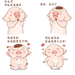 粉色小猪,八件和三蛋互相吐槽的情侣表情,画师朱八贱作品。
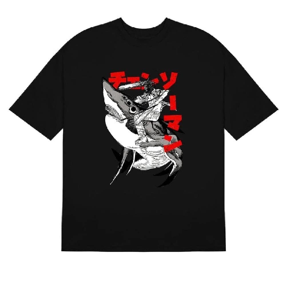 Tričko Chainsaw Man Shark Ride - 100% bavlna anime tričko s výrazným designem
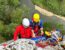 Das Übungsziel war klar angegeben. „Ein Mitarbeiter der Baufirma liegt mit Herzinfarkt auf der obersten Gerüstplattform am Kallenberg und muss schnellstens geborgen werden“. Nach der Erstversorgung und Stabilisierung durch die Helfer und den Bergwacht-Arzt auf dem Gerüst, wurde der „Verletzte“ in die „Gebirgstrage“ gelegt und mittels Seilen etwa 16 Meter bis zum Fuß der Ruine abgeseilt. Dort übernahm der Rettungsdienst den „Verletzten“ zum Transport in das Krankenhaus. Bei der Abschlussbesprechung konnte man feststellen, dass die im Winter geübte theoretische Ausbildung sehr gut in die Praxis umgesetzt wurde. Auch die Anregungen durch den Bergwacht Arzt, der viele interessante Aspekte einbrachte, werden in die weitere Ausbildung mit einfließen. Damit solche Bergungen reibungslos und erfolgreich verlaufen, ist eine laufende Weiterbildung unumgänglich. So treffen sich die Bergwächtler jeden Mittwoch in der Fridinger Diensthütte zur Weiterbildung. Hierzu sind weitere Interessierte jederzeit willkommen
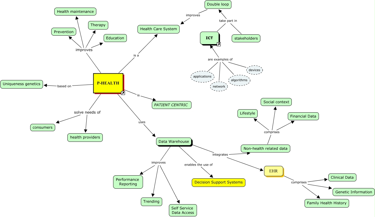 Questa Cmap, creata con IHMC CmapTools, contiene informazioni relative a: Core, devices are examples of ICT, ICT take part in Double loop, P-HEALTH improves Health maintenance, Data Warehouse improves Trending, EHR comprises Family Health History, EHR comprises Genetic Information, P-HEALTH solve needs of consumers, Data Warehouse integrates EHR, devices are examples of applications, Data Warehouse improves Self Service Data Access, network are examples of applications, P-HEALTH is PATIENT CENTRIC, P-HEALTH solve needs of health providers, algorithms are examples of applications, algorithms are examples of ICT, Data Warehouse enables the use of Decision Support Systems, Data Warehouse integrates Non-health related data, P-HEALTH improves Prevention, P-HEALTH is a Health Care System, Data Warehouse improves Performance Reporting
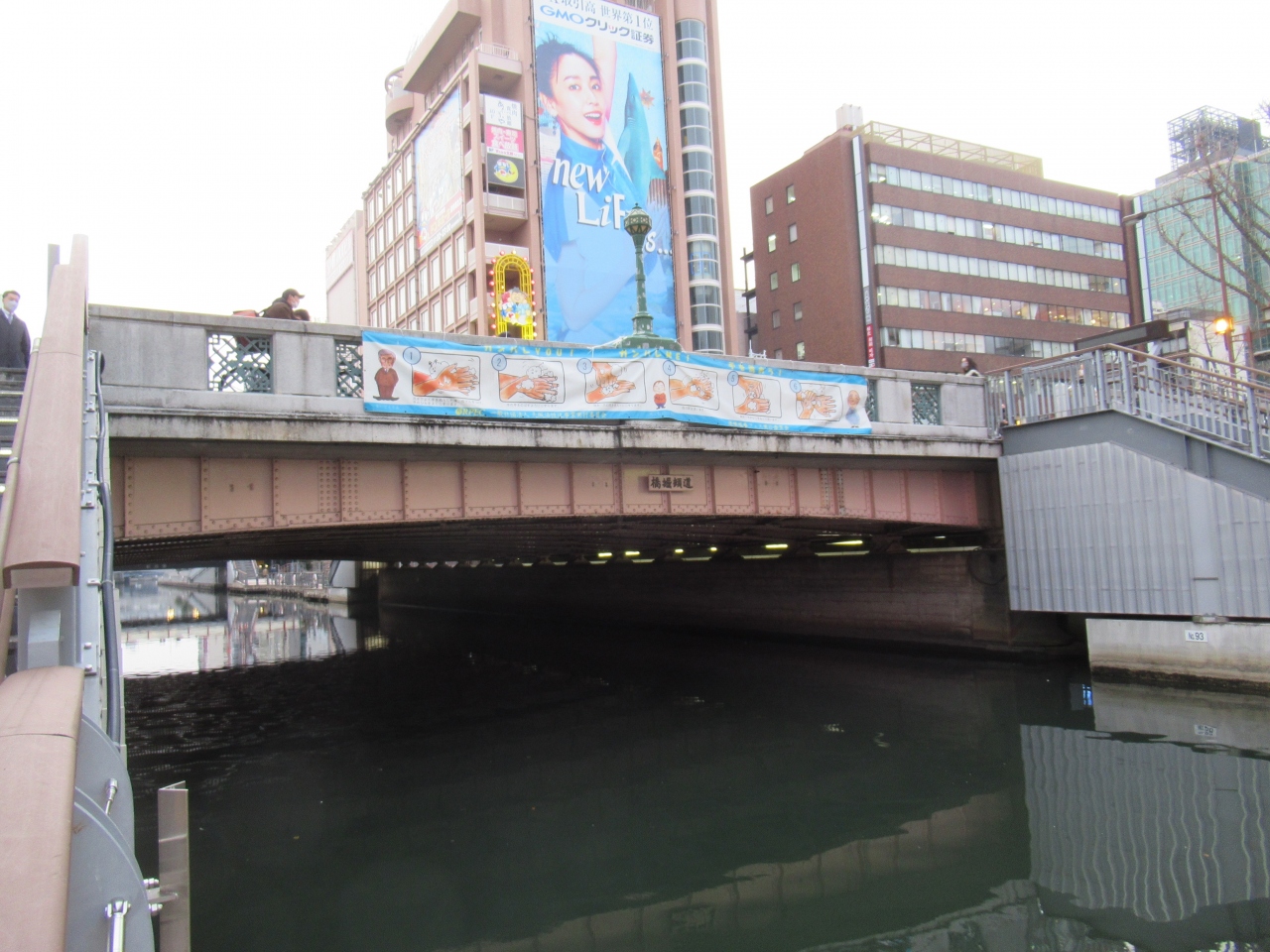 同じく御堂筋の拡幅に伴って架け替えられた国の重要文化財にも指定されている大江橋や淀屋橋のような姿見や景観の良さがなく、川幅の狭い道頓堀川に架かっているシンプルな橋です。
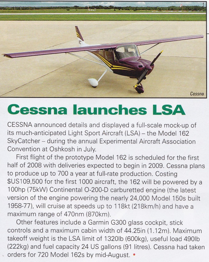 Cessna CE-162 Skycatcher Article 11/07/2025Terry Back to Cessna CE-162 Skycatcher October 2007 Share this: Click to share on X (Opens in new window) X Click to share on Facebook (Opens in new window) Facebook Like Loading... Related
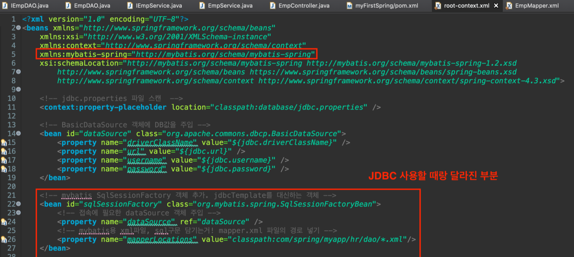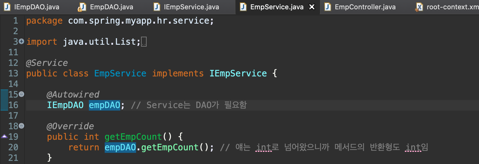 - 같은 경로에 있는 인터페이스 IEmpDAO를 구현하는 파일 = jdbc에서 IEmpDAO 인터페이스를 구현한 EmpDAO 클래스와 동일한 역할
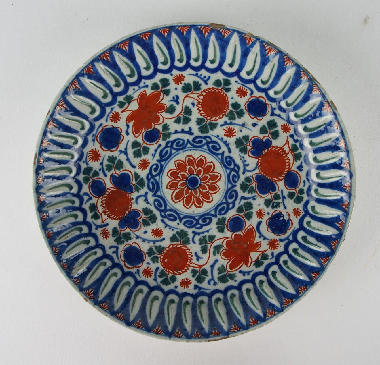 Bord in rood, groen en blauw, met geribde rand. Op het plat een rozet, omgeven door bloemtakken. (Nederlands)
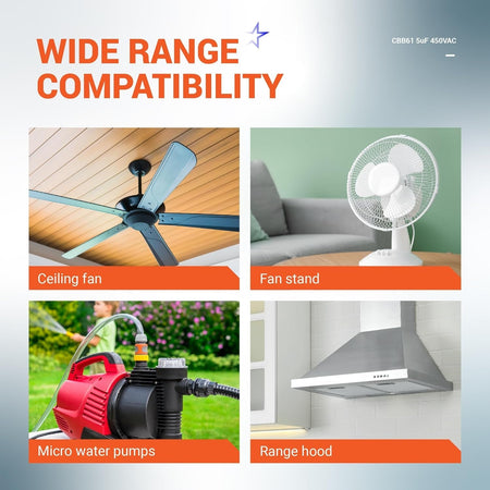 • Versatile Compatibility: Perfectly fits a variety of applications including ceiling fans, wall fans, stand fans, industrial fans, range hood fans, air exchange fans, water pumps, motors, and generators.

### Exercise instructions
Respond with the exact lines above running from the one containing "Tričko Chainsaw Man" to the one containing "Das Übungsziel war", both ends kept and no pictures included.

### Output below
 Tričko Chainsaw Man Shark Ride - 100% bavlna anime tričko s výrazným designem
 Das Übungsziel war klar angegeben. „Ein Mitarbeiter der Baufirma liegt mit Herzinfarkt auf der obersten Gerüstplattform am Kallenberg und muss schnellstens geborgen werden“. Nach der Erstversorgung und Stabilisierung durch die Helfer und den Bergwacht-Arzt auf dem Gerüst, wurde der „Verletzte“ in die „Gebirgstrage“ gelegt und mittels Seilen etwa 16 Meter bis zum Fuß der Ruine abgeseilt. Dort übernahm der Rettungsdienst den „Verletzten“ zum Transport in das Krankenhaus. Bei der Abschlussbesprechung konnte man feststellen, dass die im Winter geübte theoretische Ausbildung sehr gut in die Praxis umgesetzt wurde. Auch die Anregungen durch den Bergwacht Arzt, der viele interessante Aspekte einbrachte, werden in die weitere Ausbildung mit einfließen. Damit solche Bergungen reibungslos und erfolgreich verlaufen, ist eine laufende Weiterbildung unumgänglich. So treffen sich die Bergwächtler jeden Mittwoch in der Fridinger Diensthütte zur Weiterbildung. Hierzu sind weitere Interessierte jederzeit willkommen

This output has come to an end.